▶ **Exercise objective**
Retype, with no pictures, each line from the one that holds "За воскресным богослужением" through the last line of the entries below, both included.

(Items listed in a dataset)
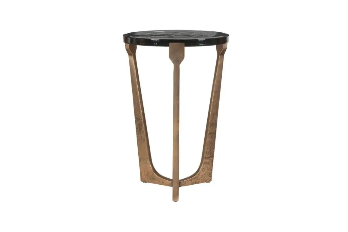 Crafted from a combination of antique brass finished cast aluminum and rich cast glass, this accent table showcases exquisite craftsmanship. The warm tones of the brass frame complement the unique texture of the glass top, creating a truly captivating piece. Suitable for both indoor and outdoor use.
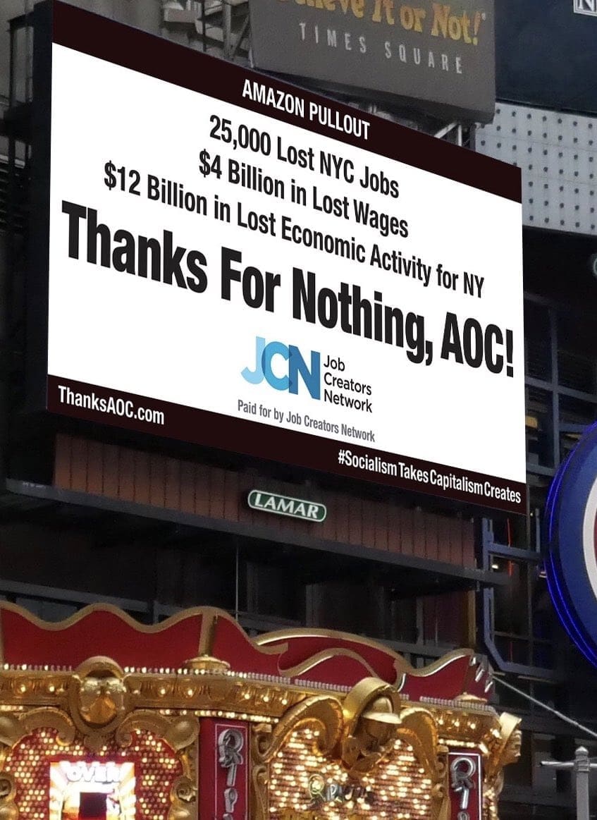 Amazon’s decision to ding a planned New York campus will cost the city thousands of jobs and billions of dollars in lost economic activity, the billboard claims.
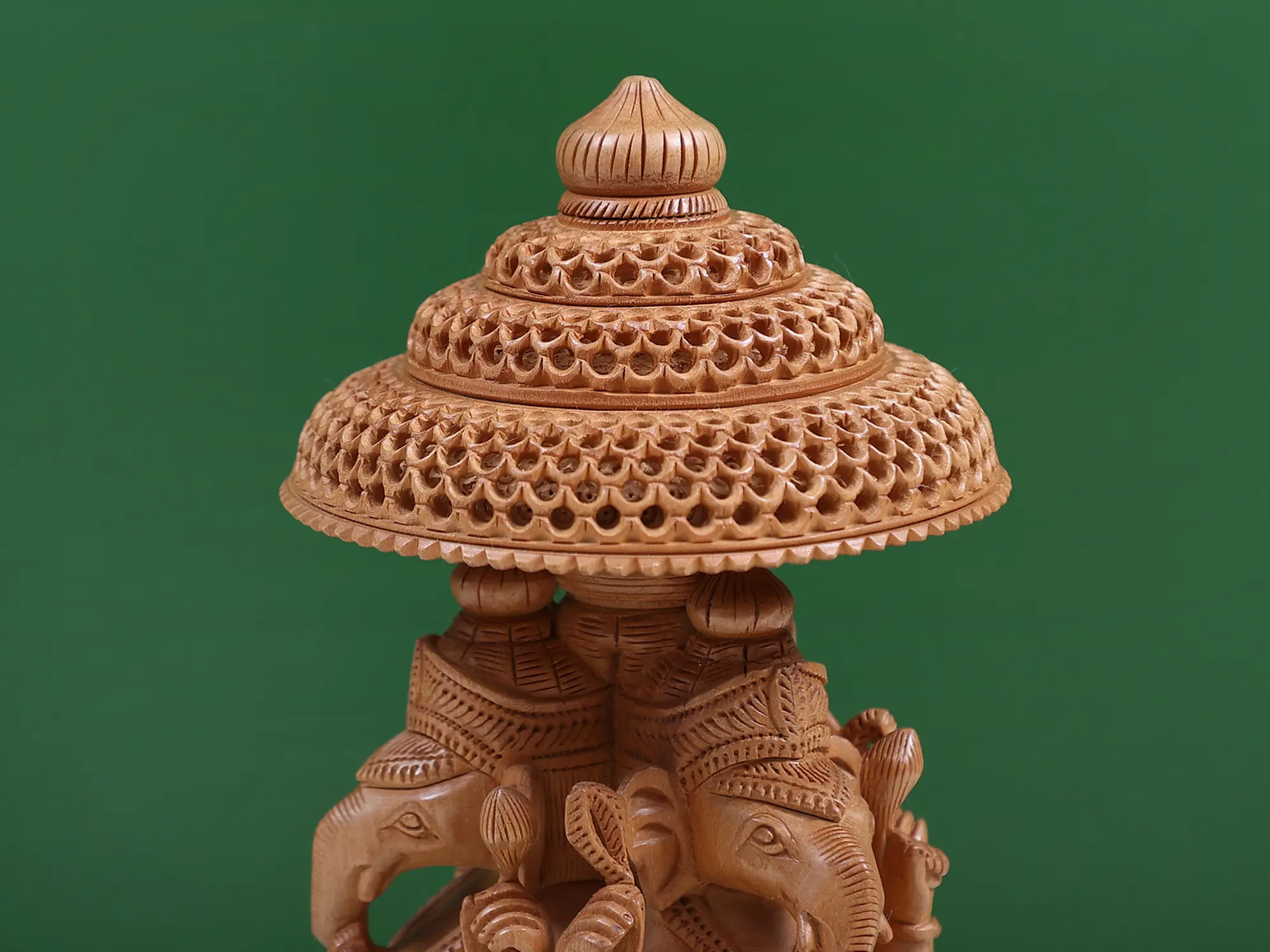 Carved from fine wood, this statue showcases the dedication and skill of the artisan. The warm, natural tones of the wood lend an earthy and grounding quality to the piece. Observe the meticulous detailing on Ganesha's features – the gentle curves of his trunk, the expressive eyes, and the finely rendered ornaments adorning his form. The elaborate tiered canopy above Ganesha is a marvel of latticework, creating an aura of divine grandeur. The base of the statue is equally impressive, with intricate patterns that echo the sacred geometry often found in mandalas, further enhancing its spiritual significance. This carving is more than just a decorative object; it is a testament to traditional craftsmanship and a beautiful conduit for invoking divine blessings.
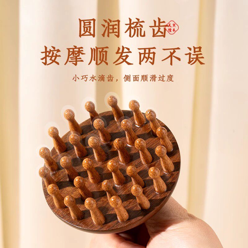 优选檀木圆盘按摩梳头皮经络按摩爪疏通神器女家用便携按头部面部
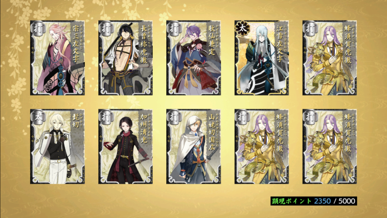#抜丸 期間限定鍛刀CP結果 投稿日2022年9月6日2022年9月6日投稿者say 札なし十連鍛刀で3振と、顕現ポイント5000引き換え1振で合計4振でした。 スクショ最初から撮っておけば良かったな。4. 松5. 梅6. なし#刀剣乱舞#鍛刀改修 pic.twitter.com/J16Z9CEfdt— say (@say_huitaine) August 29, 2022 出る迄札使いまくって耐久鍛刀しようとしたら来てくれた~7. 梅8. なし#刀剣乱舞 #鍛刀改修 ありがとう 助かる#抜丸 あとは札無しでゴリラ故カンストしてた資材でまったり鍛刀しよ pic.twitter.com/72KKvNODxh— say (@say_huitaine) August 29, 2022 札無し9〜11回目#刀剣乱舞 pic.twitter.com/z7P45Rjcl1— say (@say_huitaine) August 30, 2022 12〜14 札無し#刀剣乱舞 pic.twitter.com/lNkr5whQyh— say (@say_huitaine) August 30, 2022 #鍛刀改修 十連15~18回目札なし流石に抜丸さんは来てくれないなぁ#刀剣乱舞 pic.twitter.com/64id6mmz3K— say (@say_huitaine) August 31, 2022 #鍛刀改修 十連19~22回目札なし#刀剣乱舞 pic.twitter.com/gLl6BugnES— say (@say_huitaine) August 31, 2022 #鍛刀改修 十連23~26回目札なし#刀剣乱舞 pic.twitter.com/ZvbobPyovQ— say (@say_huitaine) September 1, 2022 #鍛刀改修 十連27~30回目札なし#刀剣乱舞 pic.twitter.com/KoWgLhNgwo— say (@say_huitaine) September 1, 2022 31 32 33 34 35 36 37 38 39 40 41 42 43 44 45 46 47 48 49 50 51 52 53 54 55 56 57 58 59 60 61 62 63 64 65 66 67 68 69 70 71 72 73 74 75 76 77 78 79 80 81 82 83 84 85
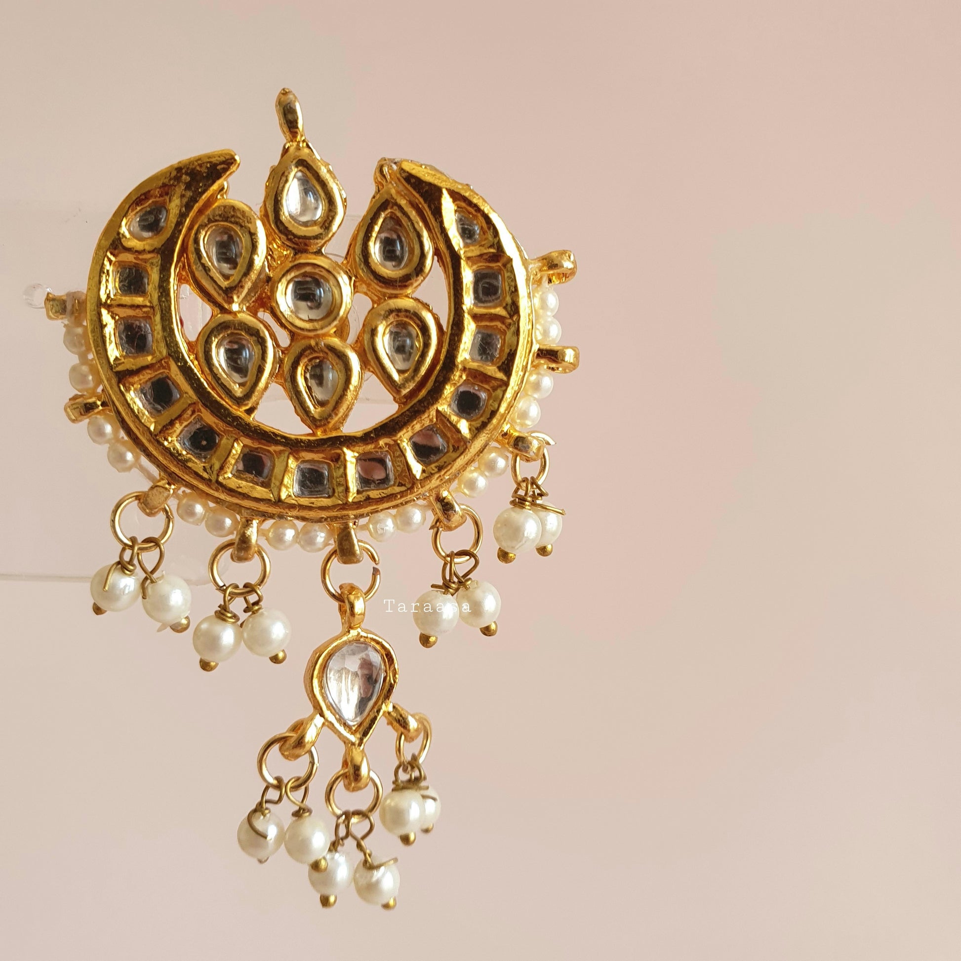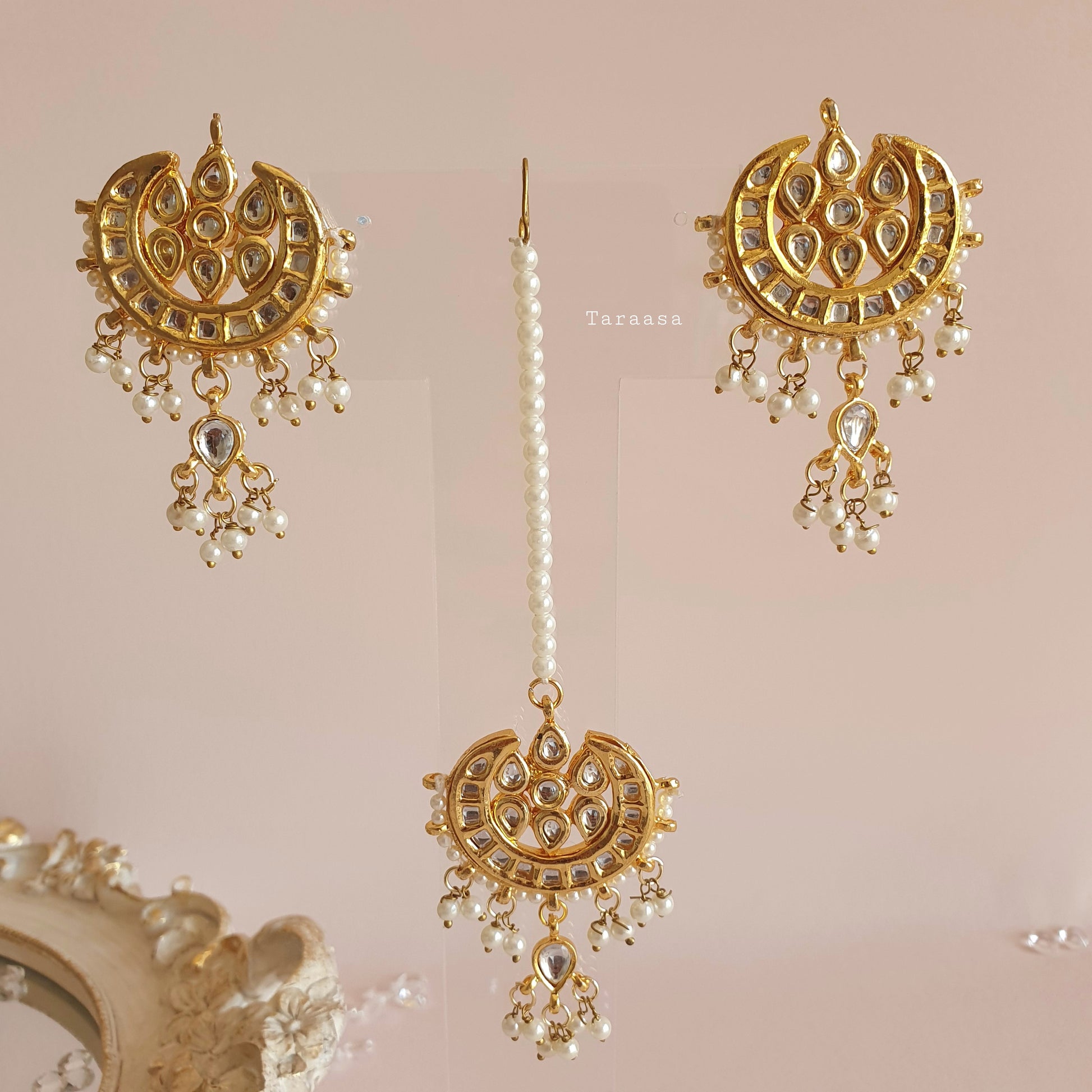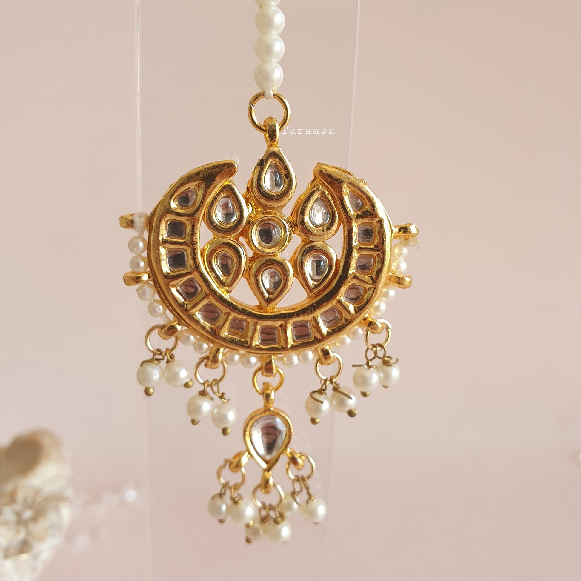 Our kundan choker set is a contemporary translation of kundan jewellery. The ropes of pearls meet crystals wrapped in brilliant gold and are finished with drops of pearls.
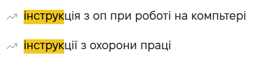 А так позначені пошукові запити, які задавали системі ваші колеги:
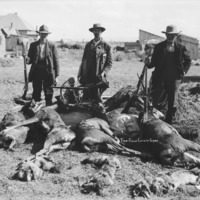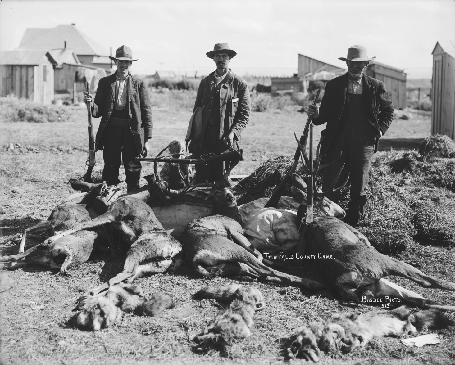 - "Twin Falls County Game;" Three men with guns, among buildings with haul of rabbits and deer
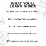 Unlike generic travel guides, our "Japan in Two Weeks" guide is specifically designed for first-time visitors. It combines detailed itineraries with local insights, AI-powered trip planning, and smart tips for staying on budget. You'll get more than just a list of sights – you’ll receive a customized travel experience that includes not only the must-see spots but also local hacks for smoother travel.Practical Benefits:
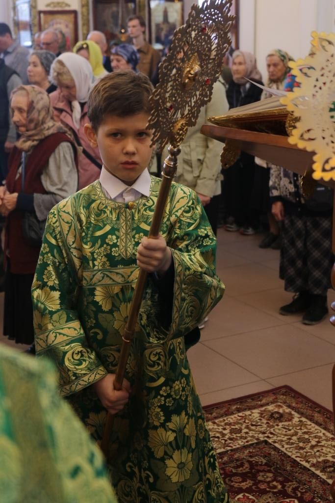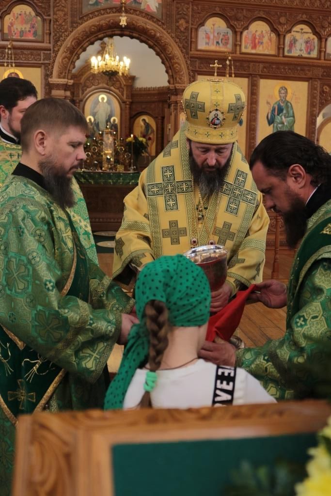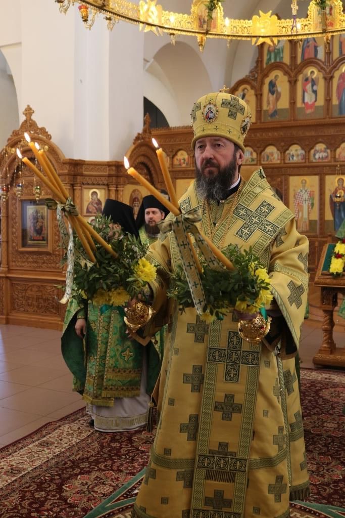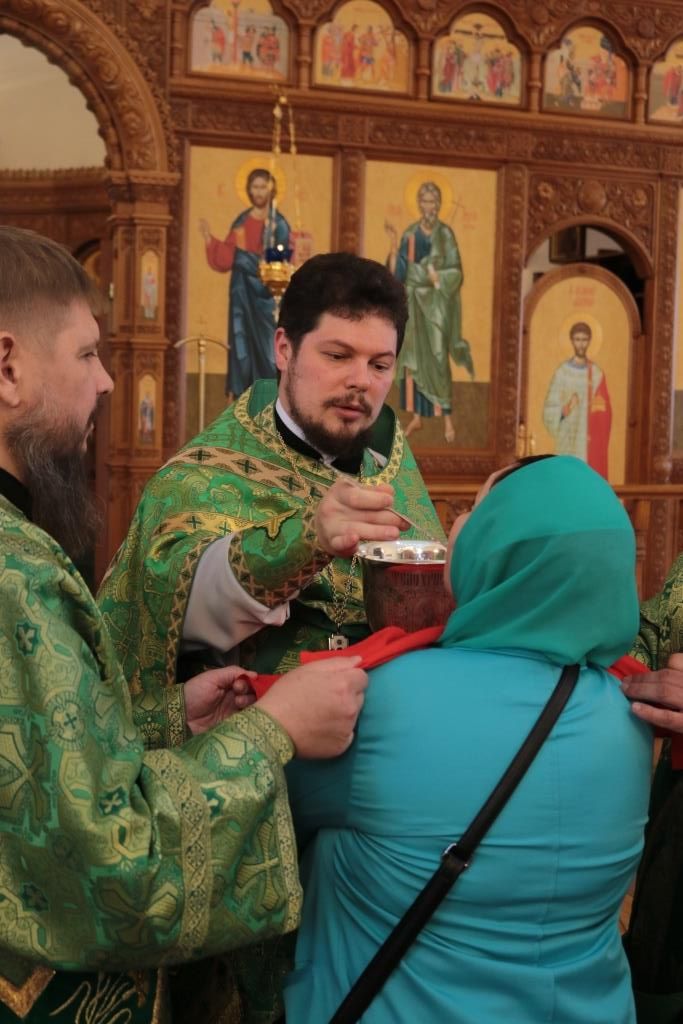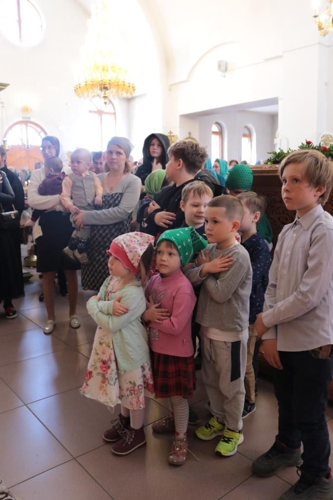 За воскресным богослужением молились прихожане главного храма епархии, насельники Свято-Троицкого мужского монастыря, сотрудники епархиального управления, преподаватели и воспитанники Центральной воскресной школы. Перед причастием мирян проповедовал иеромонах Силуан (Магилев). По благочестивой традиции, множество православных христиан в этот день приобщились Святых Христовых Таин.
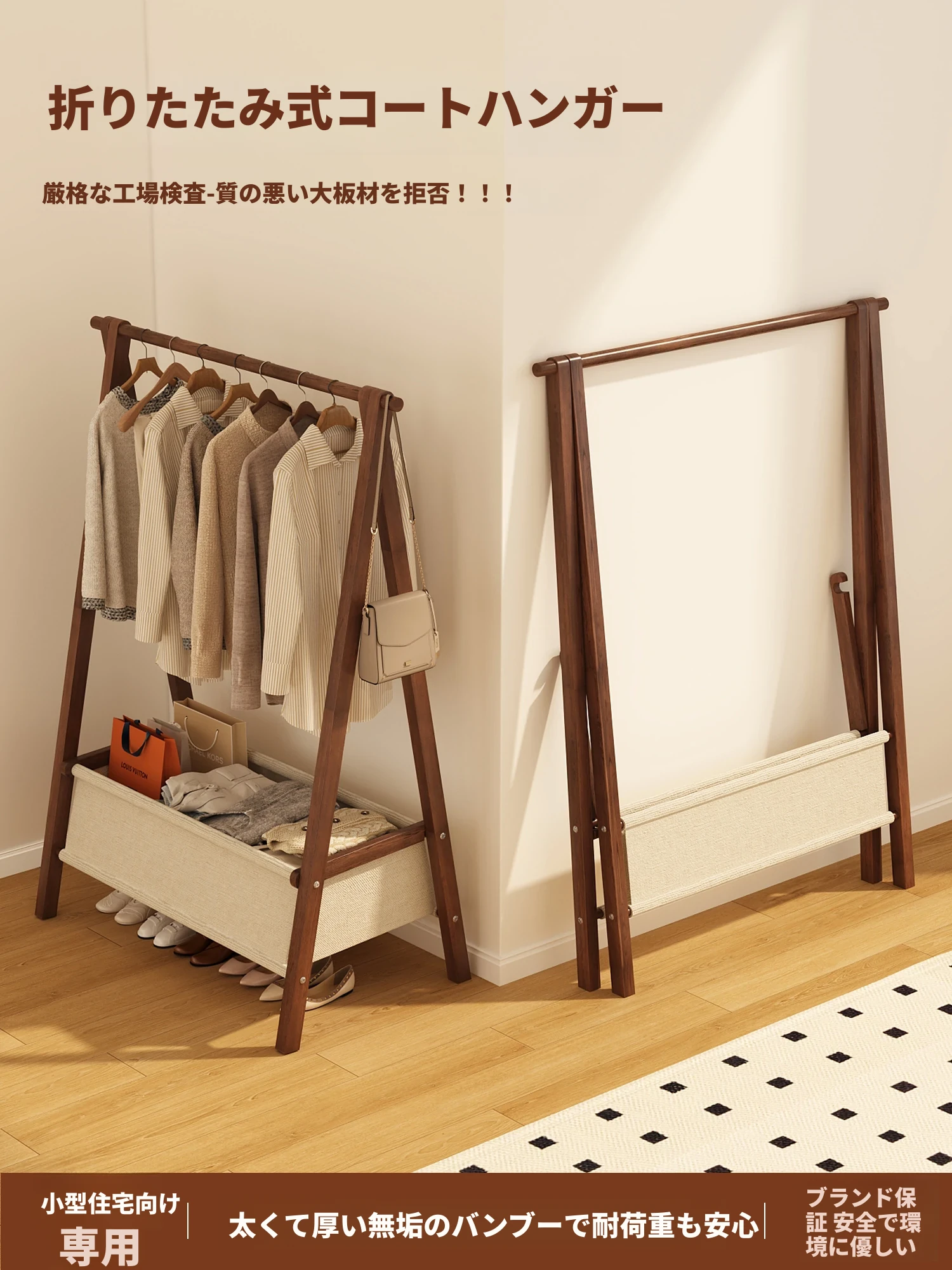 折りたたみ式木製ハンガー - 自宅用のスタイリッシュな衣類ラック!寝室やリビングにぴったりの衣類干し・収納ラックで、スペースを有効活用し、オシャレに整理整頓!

▶ **Your solution**
 За воскресным богослужением молились прихожане главного храма епархии, насельники Свято-Троицкого мужского монастыря, сотрудники епархиального управления, преподаватели и воспитанники Центральной воскресной школы. Перед причастием мирян проповедовал иеромонах Силуан (Магилев). По благочестивой традиции, множество православных христиан в этот день приобщились Святых Христовых Таин.
 折りたたみ式木製ハンガー - 自宅用のスタイリッシュな衣類ラック!寝室やリビングにぴったりの衣類干し・収納ラックで、スペースを有効活用し、オシャレに整理整頓!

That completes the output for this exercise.